The Thuringians do not appear in classical Roman texts under that name, but some have suggested that they were the remnants of the Suebic Hermanduri, the last part of whose name (-duri) could represent corrupted (-thuri) and the Germanic suffix -ing, suggests a meaning of "descendants of (the [Herman]duri)". This people were living near the Marcomanni. Tacitus in his "Germania", describes their homeland as being where the Elbe starts, but also having colonies at the Danube and even within the Roman province of Rhaetia.
Claudius Ptolemy mentions neither the Hermunduri nor the Thuringians in his geography but instead the Teuriochaemae, living in just north of the Sudetes mountains, thought to be the Erzgebirge. These may also be connected to later Thuringians. ("Chaemae" may represent a version of the Germanic word for "home". Ptolemy also mentions a people called the Bainochaimai to the west of the Elbe.
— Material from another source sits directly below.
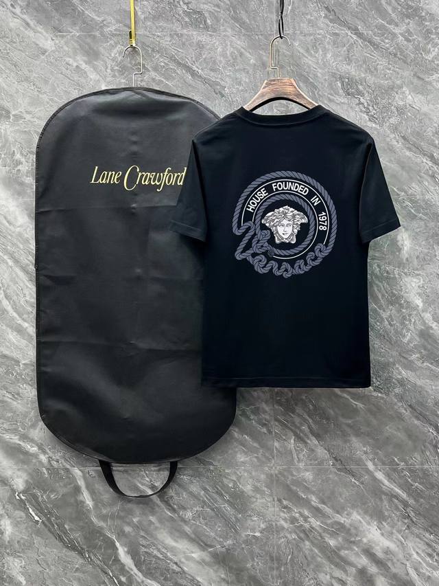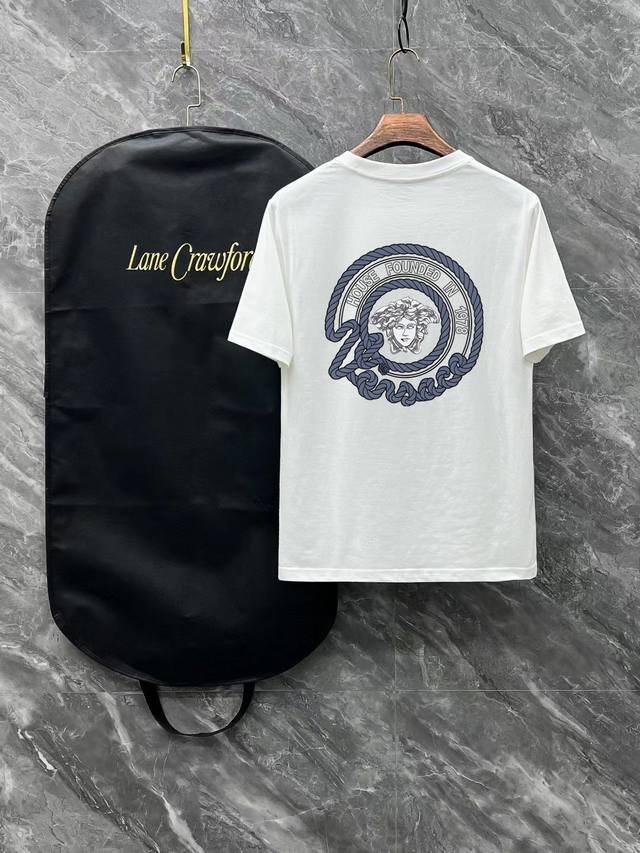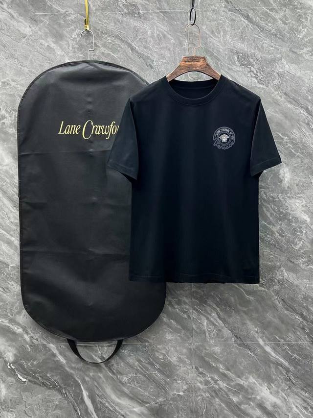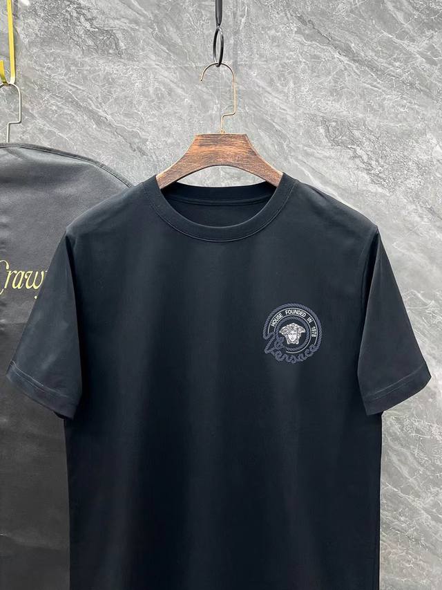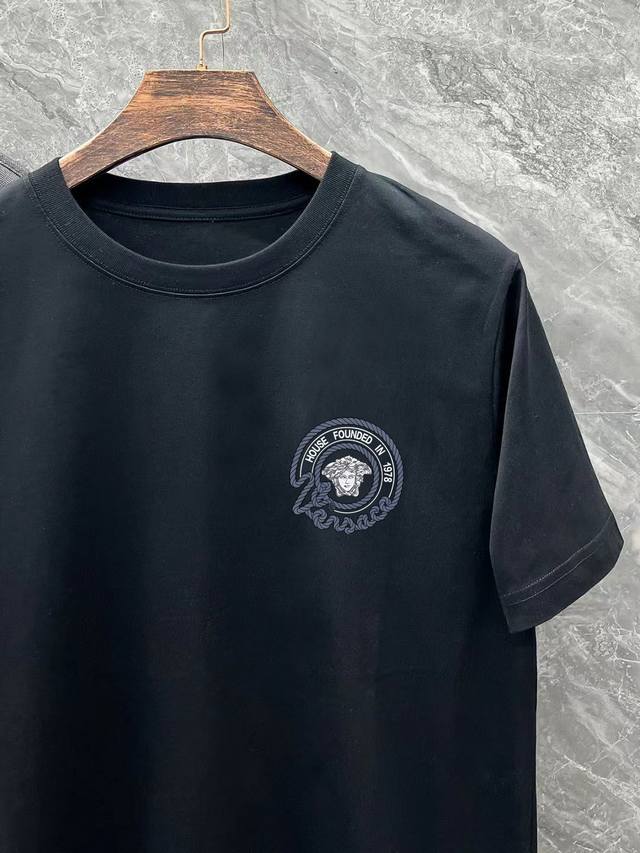 Versace# 2025 Spring and Summer new model first release in the counter, the latest short-sleeved round neck T-shirt, high-end custom design, avant-garde and fashionable! Brand Logo heavy craftsmanship design high-end customization 250 grams of Xinjiang long-staple cotton fabric. Soft to the touch. Comfortable to wear. Counter-level exquisite sewing. Fine workmanship. The upper body effect is invincible and handsome! A must-have item for men! Color: black. White!
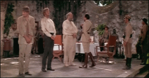 Rita Hayworth had to struggle in her role of Senora de la Plata, which is a variation from the characters in the novel. At the doorstep of Alzheimer’s disease, her face had turned into that of a matured woman who had gone through many hardships in her life. Supportive to Hayworth, Mitch had considered her casting as an opportunity to renew their friendship. When Hayworth strived to remember her lines, the crew believed her to be in a state of intoxication from alcohol intake, and they were helpful to her, especially hairstylist Lynn Del Kail. But none of that could assuage her memory lapses, or reading from large cue cards, which is common practice in Hollywood. Even experienced actors like Marlon Brando (maybe due to dyslexia) frequently used them, albeit director Bernardo Bertolucci refused to have it written on actress Maria Schneider’s back for Brando to read conveniently during filming of “Last Tango in Paris”.

He also apparently spells the name of the Chamavi in a similar way.) The formation of this people may have had also been influenced by two longer-known tribes more associated with the eastern bank of the lower Elbe river, northeast of Thuringia, because the Carolingian law code written for them was called the "law of the Angles and Varini that is the Thuringians". Much earlier, Tacitus in his "Germania", for example, had grouped these two tribes among the more distant Suebic tribes, living beyond the Elbe, and near a sea where they worshiped Herthus. (Pliny the Elder had listed the Varini as a Vandalic, or East Germanic tribe, rather than Suebian.) These two tribes are among Germanic groups known to have been found north of the Danube in this period. Procopius in his "Gothic Wars" describes the land of the Varini as being south of the Danes, but north of the Slavs, who were in turn north of unfarmed lands which lay north of the Danube. He also mentions a story about a marriage alliance between the Varini and the Angles in England, indicating long distance links.